Bichons have an independent nature and a stubborn streak that can make them difficult to housebreak, but they are otherwise very easily trainable.
These friendly, happy little dogs are quite active indoors and can live in an apartment setting, but they love to go for walks and to play outside. They may experience sudden bursts of energy and race around in circles for no apparent reason.
An adult Bichon must be 90 percent white in order to show. A puppy must be at least 50 percent white. The thick coat should spring back when touched and should feel velvety. It can be shown with a Poodle cut or trimmed around the feet and muzzle for a rounded appearance.
The Bichon should have a soft, inquisitive, alert expression with either black or brown eyes. The “halo” present in purebred puppies and dogs refers to the very dark skin surrounding the eyes. The nose and lips are also dark, and the Bichon Frise “triangle” is formed by the prominent dark eyes and nose against the fluffy white fur of the face. Ears are covered in long fur and drop down.
There should be excellent muscle tone in the Bichon, especially in the area of the haunches.
Typical Health Concerns
Although Bichons typically do not cause allergy symptoms in people that are normally allergic to animals, they are highly prone to allergies and skin problems. Many of these problems can be alleviated through proper diet and regular grooming.
Bichons may also experience autoimmune hemolytic anemia (AIHA), which is responsible for a large percentage of premature deaths. With this condition, the dog’s own immune system attacks its red blood cells, leading to severe anemia that is life-threatening.
Symptoms can include loss of appetite, weakness, lethargy, vomiting, diarrhea, rapid breathing and heart rate, dark urine, and pale or yellow gums. Immediate veterinary care should be sought.
The Bichon Frise requires extensive and frequent grooming. The coat may be trimmed into a “puppy cut” if the dog is not showing, which is shorter and easier to maintain. A show dog will have its coat in a full-volume cut that is required by most show standards.
Because they need frequent grooming, it is a good idea to get them accustomed to it at an early age and should be kept a pleasant experience for the dog. Brushing the Bichon several times each week will prevent tangles and give the dog a puffier, “marshmallow” look.
The coat should be brushed before bathing, then dried and brushed again after the bath. Dog dryers, which are cooler and less forceful than those designed for humans, are preferable for grooming the Bichon. The anal area should be wiped clean after each bowel movement to prevent feces from sticking to the hair.

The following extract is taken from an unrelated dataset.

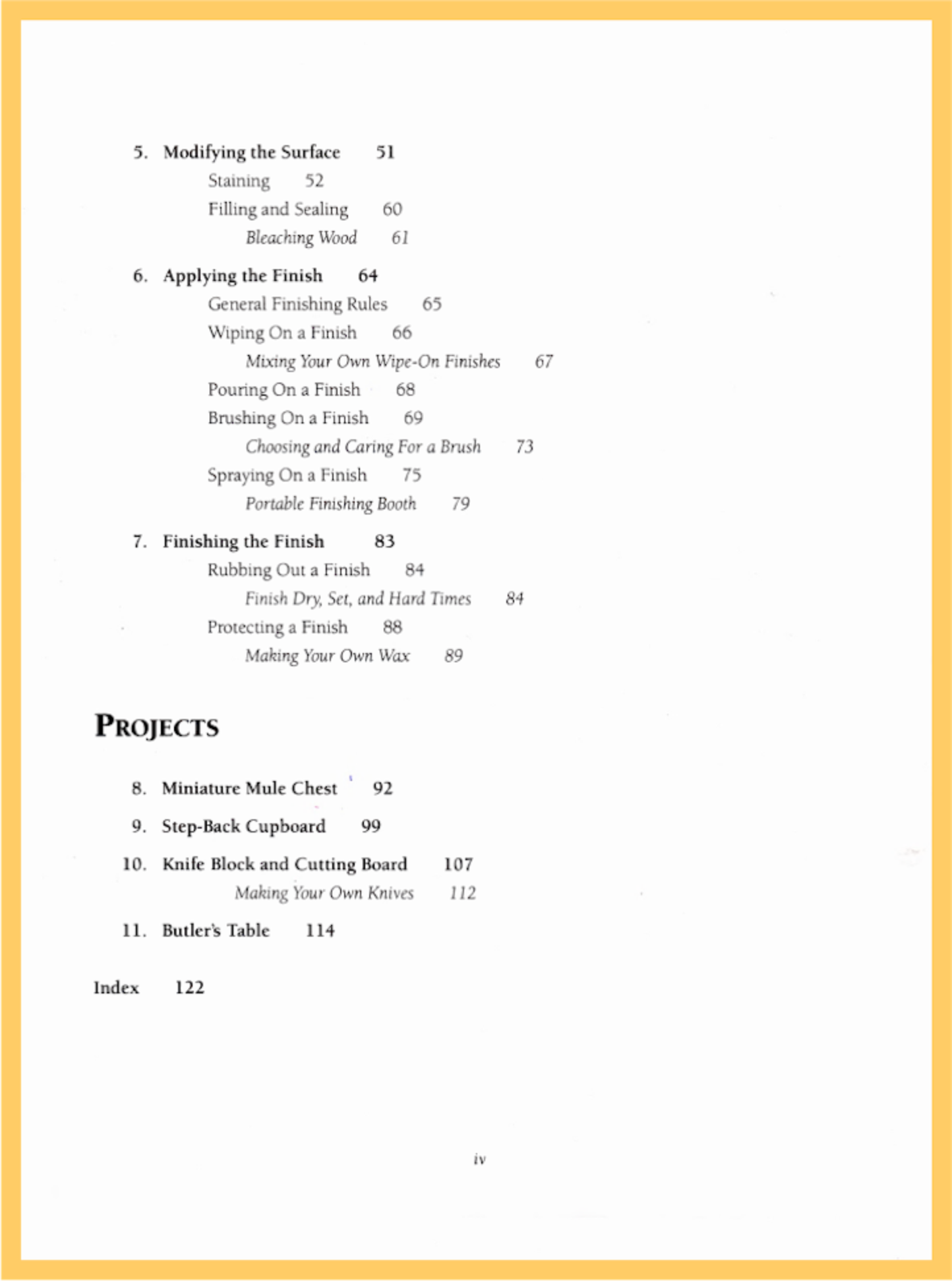 A good finish makes a good project exceptional. And to achieve a good finish, you need information about the tools, skills, and materials involved. It can seem complex, but Nick simplifies the process by breaking it down into a series of decisions, explaining what you need to know to make the right choices. The book is full of professional tips on surface preparation, sealing, staining, wiping, brushing, spraying, and rubbing-out. There’s even a plan for a folding finishing booth. Four complete project plans demonstrate common finishes: a Miniature Mule Chest, Step-Back Cupboard, Knife Block and Cutting Board, and a Butler’s Table. 128 pages, over 250 illustrations and photos in PDF format.

Areas that need trimming include the eyes, ears, and between the foot pads. This can be accomplished with a pair of blunt scissors.
If tear staining occurs around the eyes, which is common, a saline solution can be used to irrigate the eyes. Tears should be wiped away on a daily basis, and some pet supply stores carry special wipes for this purpose.
For a show dog, professional grooming is recommended once every four weeks. Show dogs should only be trimmed with scissors, but electric clippers can be used on those that do not show.
Country of Origin
The Bichon descended from the Barbet, or Water Spaniel, and originated in the Mediterranean region.
Average Life Span
The Bichon can be expected to live 15 years or more.